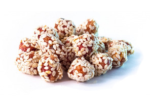 Молочный шоколад с добавлением затяжного малинового печенья в форме рыбок.
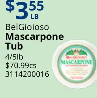 Current BelGioioso Mascarpone Tub deal at Restaurant Depot from 1-04 until 30-04.
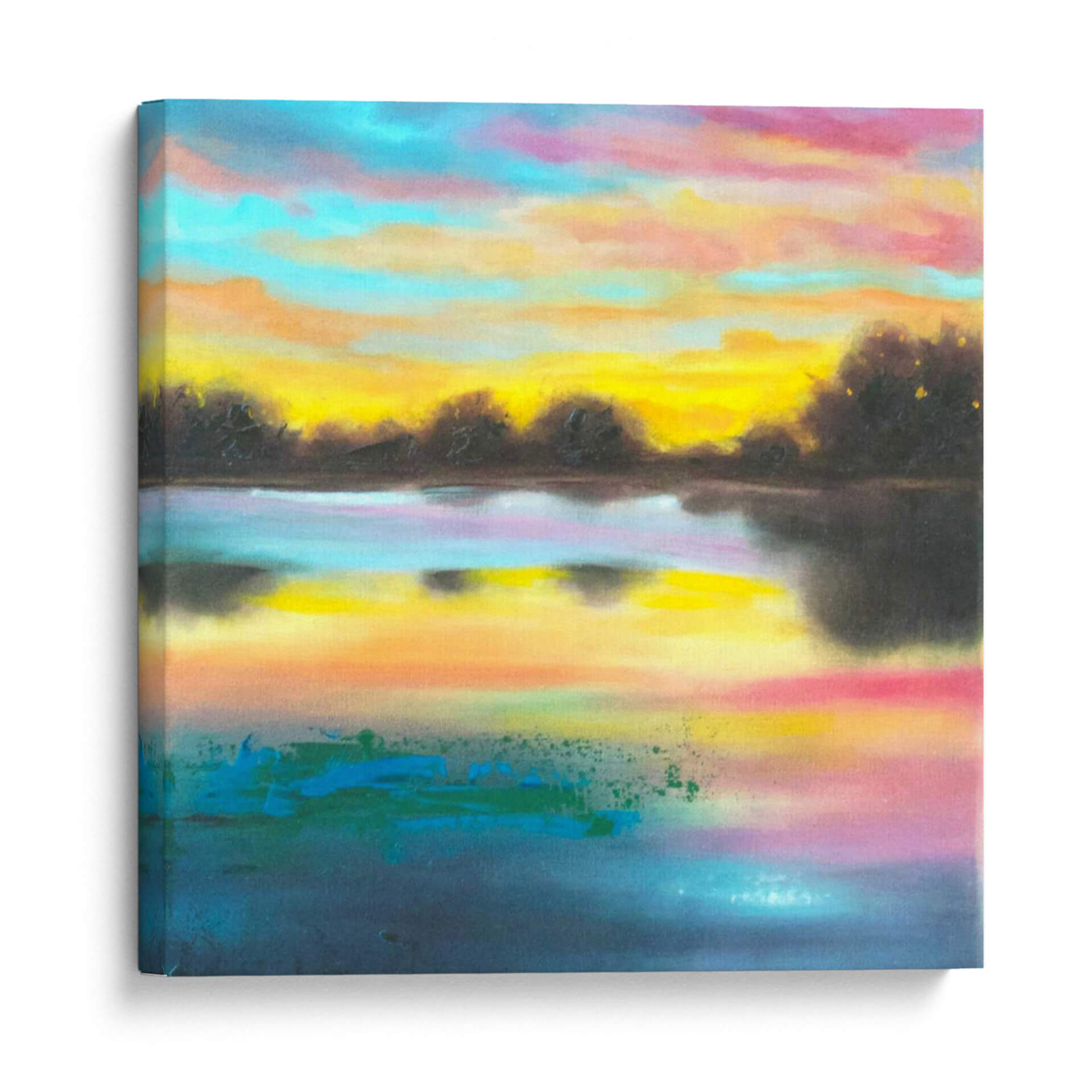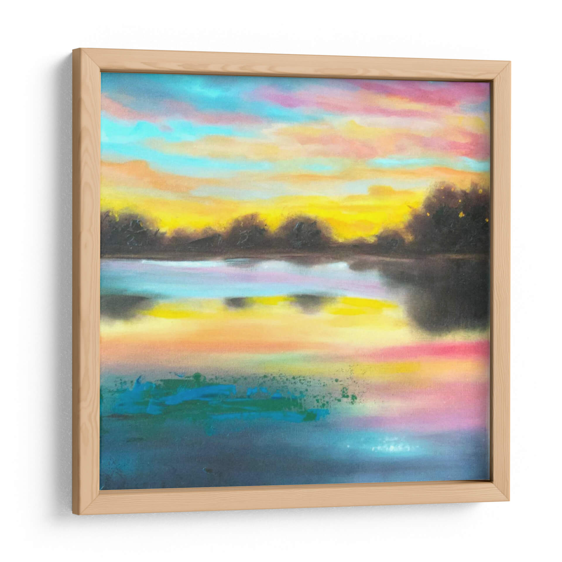 Sumérgete en la serena belleza de "El Gran Esquema De Las Cosas", una obra de arte cautivadora del artista Marabeth Quin. Este cuadro decorativo captura un paisaje etéreo al amanecer o atardecer, donde el cielo se funde en vibrantes tonos de amarillo, naranja, rosa y azul turquesa. Las nubes parecen pinceladas sueltas que añaden una textura suave y soñadora. Debajo, un cuerpo de agua tranquilo refleja los colores del cielo y la silueta oscura de árboles o vegetación en la distancia, creando un efecto de espejo hipnotizante. La parte inferior de la obra presenta toques audaces de azul y verde, que añaden un contraste dinámico y moderno a la escena, sugiriendo la fluidez y la profundidad del agua. El estilo artístico es una mezcla evocadora de impresionismo y abstracción, invitando a la contemplación y a la interpretación personal. "El Gran Esquema De Las Cosas" es ideal para añadir un toque de tranquilidad y color a cualquier hogar u oficina, convirtiéndose en un punto focal que inspira calma y asombro. Perfecto para quienes buscan arte contemporáneo que dialogue con la naturaleza y la emoción.
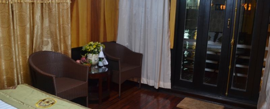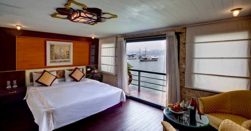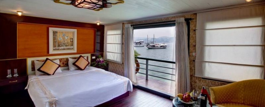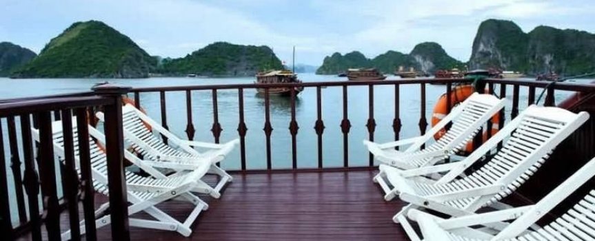 12h00: Đến Hạ Long, Quý khách lên tàu, thưởng thức cốc tai chào mừng khách trong khi nghe giới thiệu về lịch trình và làm thủ tục nhận phòng.
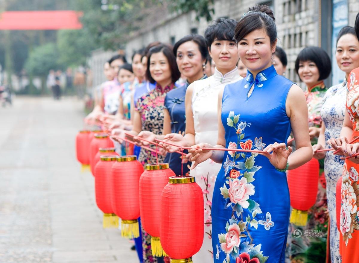 20多名女干部身着旗袍,为古村旅游“站台”。
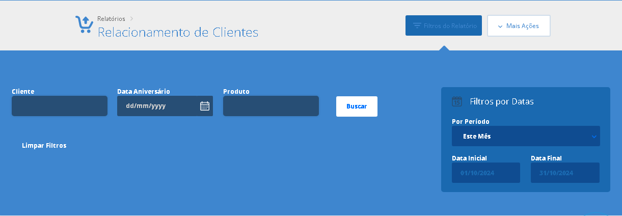 Produto: caso queira verificar os clientes que adquiriram um item em específico, utilize este campo inserir o nome do produto.
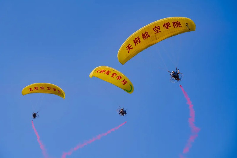 压轴的滑翔伞表演掀起活动高潮,滑翔伞手在天空中自由翱翔,象征着飞行梦想与未来的无限可能。
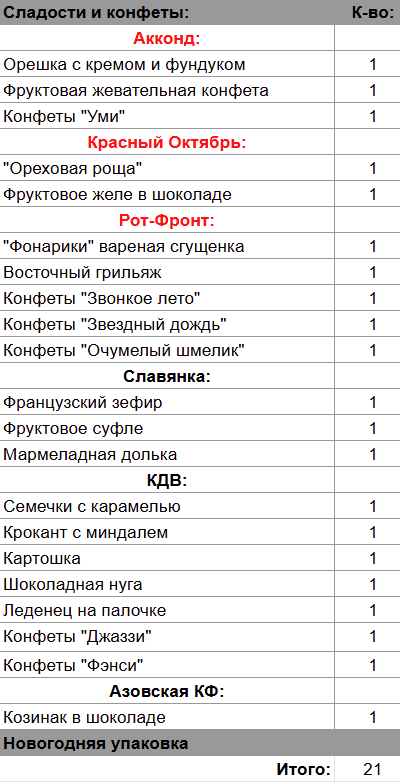 Кол-во сладостей: 21 шт.
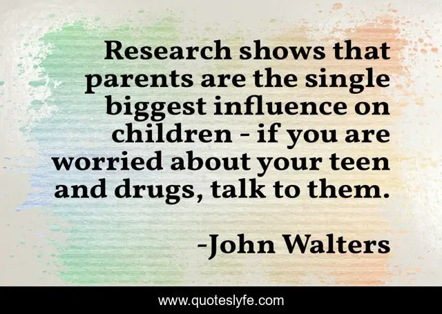 This page presents the quote "Research shows that parents are the single biggest influence on children - if you are worried about your teen and drugs, talk to them.". Author of this quote is John Walters. This quote is about parents, children, research,.
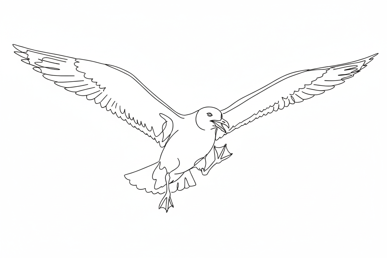 لفت نظري نورسٌ منها؛ كان يسرع في طيرانه ثم يبطئ فجأة، يوقف رفرفة جناحيه ويمدّهما، وينساب في هواء البحر من جديد. وفي تلك اللحظة تحديدًا، رأيته يحكّ ذقنه بإحدى قدميه، فعلٌ صغير، غير متوقع، لا يتناسب مع فعل الطيران الأسطوري.
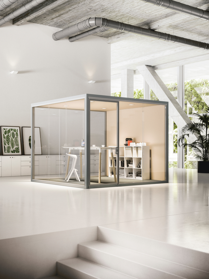 A room within a room, consisting of four modules of different sizes (interior dimensions W240 x L240 x H240 cm - W240 x L120 x H240 cm – W300 x L300 x H240 cm - W300 x L600 x H240 cm), creating islands within high-traffic spaces. The module is made using 4akustic sound-absorbent panels, which offer excellent acoustic performance, and it comes with different levels of customization, from a very simple solution to one with melamine flooring and a glass wall.

============================================================

** Problem details **
Output only the lines from the start of the data through the line that holds "This page presents". Keep them exact and leave the pictures out.

** Exercise output **
 Молочный шоколад с добавлением затяжного малинового печенья в форме рыбок.
 Current BelGioioso Mascarpone Tub deal at Restaurant Depot from 1-04 until 30-04.
 Sumérgete en la serena belleza de "El Gran Esquema De Las Cosas", una obra de arte cautivadora del artista Marabeth Quin. Este cuadro decorativo captura un paisaje etéreo al amanecer o atardecer, donde el cielo se funde en vibrantes tonos de amarillo, naranja, rosa y azul turquesa. Las nubes parecen pinceladas sueltas que añaden una textura suave y soñadora. Debajo, un cuerpo de agua tranquilo refleja los colores del cielo y la silueta oscura de árboles o vegetación en la distancia, creando un efecto de espejo hipnotizante. La parte inferior de la obra presenta toques audaces de azul y verde, que añaden un contraste dinámico y moderno a la escena, sugiriendo la fluidez y la profundidad del agua. El estilo artístico es una mezcla evocadora de impresionismo y abstracción, invitando a la contemplación y a la interpretación personal. "El Gran Esquema De Las Cosas" es ideal para añadir un toque de tranquilidad y color a cualquier hogar u oficina, convirtiéndose en un punto focal que inspira calma y asombro. Perfecto para quienes buscan arte contemporáneo que dialogue con la naturaleza y la emoción.
 12h00: Đến Hạ Long, Quý khách lên tàu, thưởng thức cốc tai chào mừng khách trong khi nghe giới thiệu về lịch trình và làm thủ tục nhận phòng.
 20多名女干部身着旗袍,为古村旅游“站台”。
 Produto: caso queira verificar os clientes que adquiriram um item em específico, utilize este campo inserir o nome do produto.
 压轴的滑翔伞表演掀起活动高潮,滑翔伞手在天空中自由翱翔,象征着飞行梦想与未来的无限可能。
 Кол-во сладостей: 21 шт.
 This page presents the quote "Research shows that parents are the single biggest influence on children - if you are worried about your teen and drugs, talk to them.". Author of this quote is John Walters. This quote is about parents, children, research,.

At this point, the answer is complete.